Il faut créer un climat de mystère envoûtant, accentué par la mention d'un nom encore plus mystérieux, bien trouvé, répondant au nom en même temps qu'à la réponse. Esthane, c'est bizarre, pas courant, pô banal. Et Rathon, ça sort, comment dire, de l'ordinaire, du tout venant aussi. Tout le mystère est dans le "H". Le "H", ça fait gotHique-genre. Par exemple: Estan, ça fait penser à cabestan, c'est ballot. Raton, c'est moche aussi, c'est pas crédible, un peu ridicule. Estane Raton, ça fait croisement à la dr mengele entre un âne et un raton. Mais EstHane RatHon, ça vous a tout de suite une de ces gueules...

"Je vais maintenant commencer la lecture de cette lettre:  "

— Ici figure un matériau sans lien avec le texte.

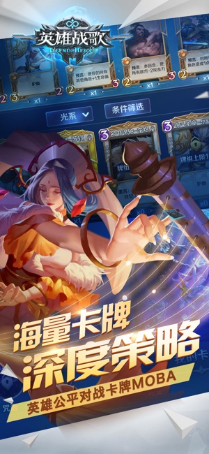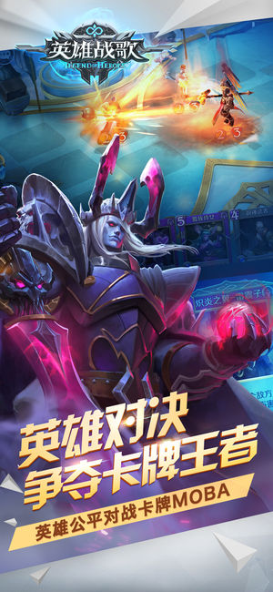 【游戏介绍】 《英雄战歌》是一款竞技卡牌手游,英雄公平对战卡牌MOBA。你将化身魔术师活跃在异次元世界,用卡牌召唤英雄,争夺最高荣耀!海量卡牌, 万千组合,没有最强的卡组,只有正确的选择!游戏简单易上手,策略丰富多样,战局分秒必争,决斗过程全程3D——相信你的卡牌,决斗者! 【游戏特点】 1) 简单易上手,玩法丰富多样 规则由浅入深,操作简单易用,7分钟一场决斗,每场变化多样,杜绝枯燥重复。多样的冒险、排位、大师模式让你体验更多的游戏精彩。 2) 海量卡牌,玩转深度策略 风、火、水、土、光、暗——六大系别,数百张卡牌,个性鲜明,互相克制。没有最强的卡组,只有万千变化的搭配和不断…

Oui, car trop d'infos tue l'info, entrons, nous n'avons que trop tardé, dans le vif du sujet de cette lettre mystérieuse, en prime time, lue par un membre (en 1984) de la dynastie Pujadas (on pense donc forcément à Anthony Perkins, donc à Psychose, et on a les foies rien qu'à visualiser la scène).

 " Lettre à l’humanité "

Chacun est appelé à s'identifier à ce qui se passe. Personne n'est oublié. Petits détails, mais qui comptent.

" En ces temps où certains prédisent l’Apocalypse, la fin du monde, sans connaître l’origine du mystérieux fléau qui touche l’espèce humaine et la menace d’extinction "

Ce sont des temps troublés, des temps obscurantistes, livrés aux boniments de mauvaises langues, qu'on ne nommera pas, par pudeur ou magnanimité. On ne va pas s'abaisser à leurs méthodes délatrices, on préfèrera donc "certains", plus allusif mais aussi plus perfide. Car "certains" sont un peu benêts: ils prédisent un fléau déjà réel et attesté, hélas.
"Certains", aussi, parmi les lecteurs (potentiels), souffrent potentiellement de problèmes d'intellection ou de comprenoire, comme dirait Lacan. Donc il vaut mieux préciser deux fois (au minimum) chaque info: une apocalypse, c'est une fin du monde; et quand un fléau touche l'espèce humaine, ça suggère possiblement qu'il la menace d'extinction.

" moi, Esthane Rathon (c’est ainsi que je m’appelais avant), "

Avant, d'accord, mais avant quoi? Ah ça, lecteur, vous le saurez en poursuivant le récit palpitant qui vous expliquera pourquoi Rathon en a eu ras la couenne de porter le nom d'une infâme bestiole gothique des plinthes. Et peut-être aussi pourquoi il se présente encore, après, sous son appellation d'avant qui, mystérieusement, lui colle encore aux nougats.

 " je prends la plume "

Rathon ou pas, quand on est goth, la plume, qu'on trempe dans l'encrier, est un accessoire important. Un stylo à billes Parker, ça fait parvenu, et Bic, c'est pour les ploucs. Le clavier d'ordi, c'est anachronique; le minitel, ça cadrerait pas avec les candélabres et les factures d'électricité qui s'amoncellent dans la boîte aux lettres en vieux chêne moisi qui grince.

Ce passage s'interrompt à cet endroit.